"They got the bruisy knees..." ♫
Racism used to be so much more detailed:
Sardinians, for example, have stubby little fingers. Bosnians have short necks.
I lost the link to Standpipe's blog, so I can't tell if 1 is an intentional or unintentional example of "misheard lyrics".
I agree with Heebie about "Showbiz Kids"
I don't know what you're looking for in terms of "showbiz memoirs" but I can recommend some film memoirs.
Most recently I read Shooting To Kill by Christine Vachon which is self-indulgent in places, but really interesting.
Which Lie Did I Tell by William Goldman was good and extremely readable, as you'd expect.
Hello, he lied by Linda Obst is slight but nevertheless holds up well.
Not a showbiz memoir, and one I haven't read yet, but Renoir, My Father, has been highly recommended.
hmmm. it's one of my very least favorite Steely Dan songs.
Don't Take Me Alive
Haitian Divorce
Deacon Blue
Peg
Kid Charlemagne
I've heard that David Niven and Katherine Hepburn's memoirs are good, but I've never read them.
I've also heard good things about David Niven's memoirs.
But I haven't read them either.
Also, I used to be very fond of Steely Dan, but making the mistake of seeing them live a few years back just killed them for me. I mean I get that they are studio perfectionists but Jesus they just had no swing or ability to play loose at all, which is really not great if you have a jazz based sound. Also they were pretty much gross old dorks with no stage presence and like the worst audience ever.
I've not read Niven either, but I'd guess that the subject -- dapper hard partying WW2 commando -- is intrinsically more interesting than most.
I read the second volume of Niven's memoirs when I was in Samoa. I think it was amusing, but the only anecdote that's stuck is of him skiing in the Italian Alps in insufficiently windproof pants, and realizing that he was literally freezing his cock off, leading to skiing into the lodge and desperately trying to convey his need for first aid in Italian, despite not actually speaking the language. Somehow he ended up submerging his bits in a brandy snifter full of whiskey, which sounds like a terrible idea in so many ways.
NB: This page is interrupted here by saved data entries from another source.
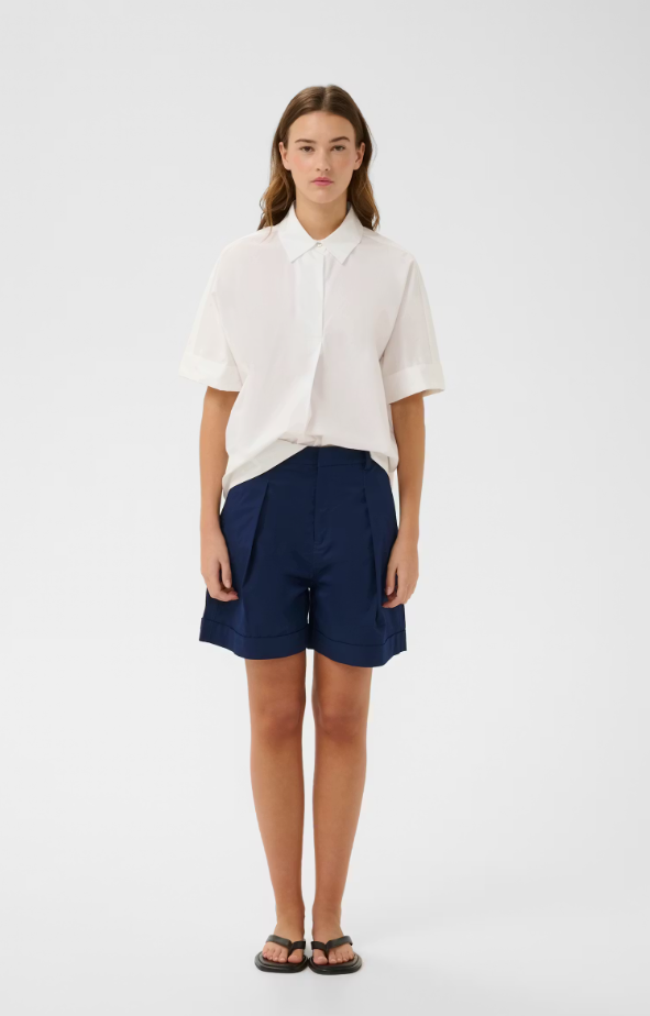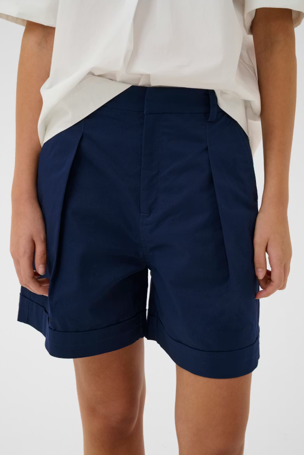 Tailored shorts feature a straight-leg cut, mid-thigh length, belt loops, sharp front pleats, and turned-up hems for an elevated yet relaxed silhouette.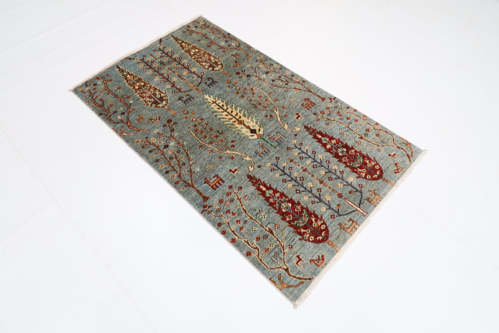 90 x 150 cm | Trees Afghan Tribal Hand Knotted Carpet
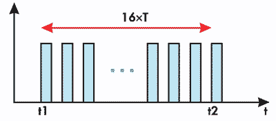 - вычитаем сохраненное время (t1) из захваченного значения времени (t2) и сохраняем результат 16 периодов (168Т);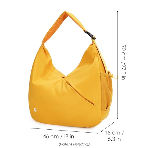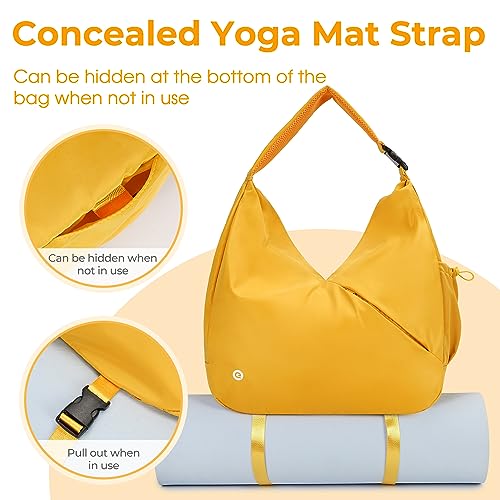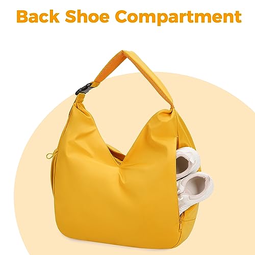 Large Gym Bag for Women Sports Duffel Bag with Hidden Yoga Mat Holder & Shoe Compartment Workout Dance Tote Bag with Wet Pocket Overnight Weekender Bag for Travel Yoga (Orange)(Patent Pending)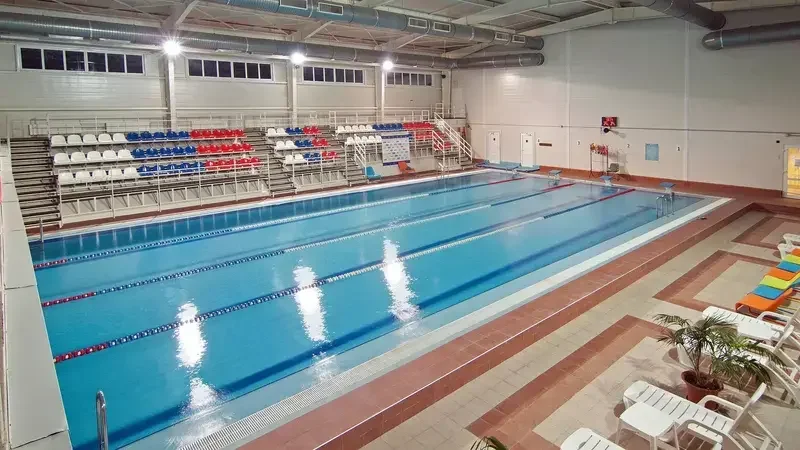 Тип бассейна: крытый бассейнРядом с бассейном: шезлонгиТемпература в бассейне: 26 °CРазмеры: 11 x 25 мПлощадь: 275 м²Время работы: от 09:00 до 21:00Глубина (диапазон): от 150 до 170 смДля обеспечения чистоты и безопасности в бассейне вода проходит тщательную трехступенчатую систему очистки, а также дополнительно обеззараживается с помощью ультрафиолетовых лучей. Это гарантирует высокое качество воды и гигиеничность.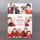 Det här söta, trendig God jul-magnetkortet har en modern layout med fem familjefotografier på en vit bakgrund med röd typografi. Det här vackra fotomagnetiska helgdag har ett eget fotomaket som omger ditt meddelande och familjen namn i grönt.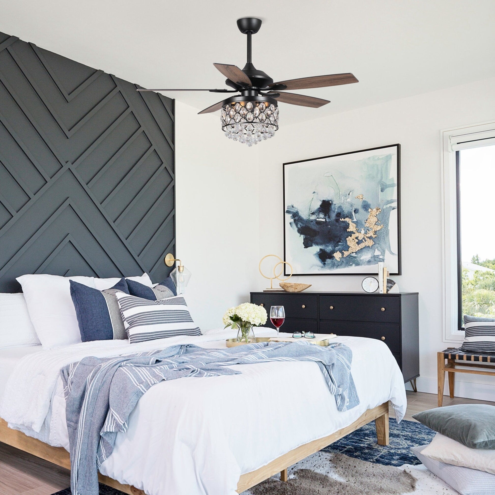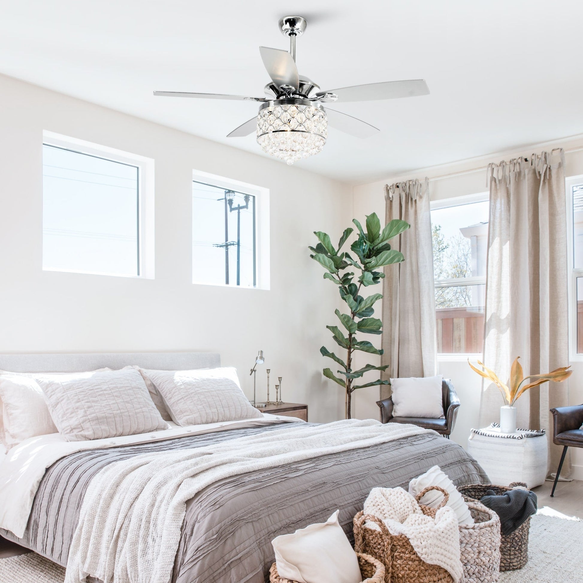 Chrome/ Crystal 4-light Chandelier/ Ceiling Fan with Remote

5: If we're going to be nominating favorites, my top choices (in chronological order) would be
Kings
Razor Boy
The Boston Rag
Pretzel Logic
Chain Lightning
Kid Charlemagne
Haitian Divorce
Deacon Blues
Hey Nineteen
West of Hollywood
Godwhacker
Everything Must Go
I'd put "Show Biz Kids" in at around the 60th or 70th percentile.
Following up 7, I always thought it was kind of cool that Niven played a British commando in WWII in The Guns of Naverone after actually being a British commando in WWII.
I have mentioned Hollywood Lesbians in every other medium as an entertaining book of showbiz interviews and now I will mention it here! This guy Boze Hadleigh talks to all these actresses of the Hollywood golden age or just after (and a few offscreen personalities like Edith head) who were known to be lesbians. Almost all of them are extremely cagey but they all basically talk about it. Sometimes it's coded. Sometimes they are pretty pissy about it and, in the case of Stanwyck, she angrily ends the interview after he takes an incredibly insensitive approach.
I should read the Billy Wilder thing. I glanced through a bio on him but really just read the chapters on Double Indemnity and Sunset Boulevard. Conversations are certainly more interesting than narrative biography. In fact I rarely read biographies because they can be so dull, but one I adore is George Plimpton's Truman Capote book, which is made up exclusively of oral history.
Luis Bunuel's memoir is pretty awesome. The more showbizzy parts in the middle are quite entertaining. Based on stories recounted to me by my old frenemy who loved showbiz memoirs, the ones from forgotten big stars from the 50s and 60s seem to have the best anecdotes. Probably have to go to the physical library for those.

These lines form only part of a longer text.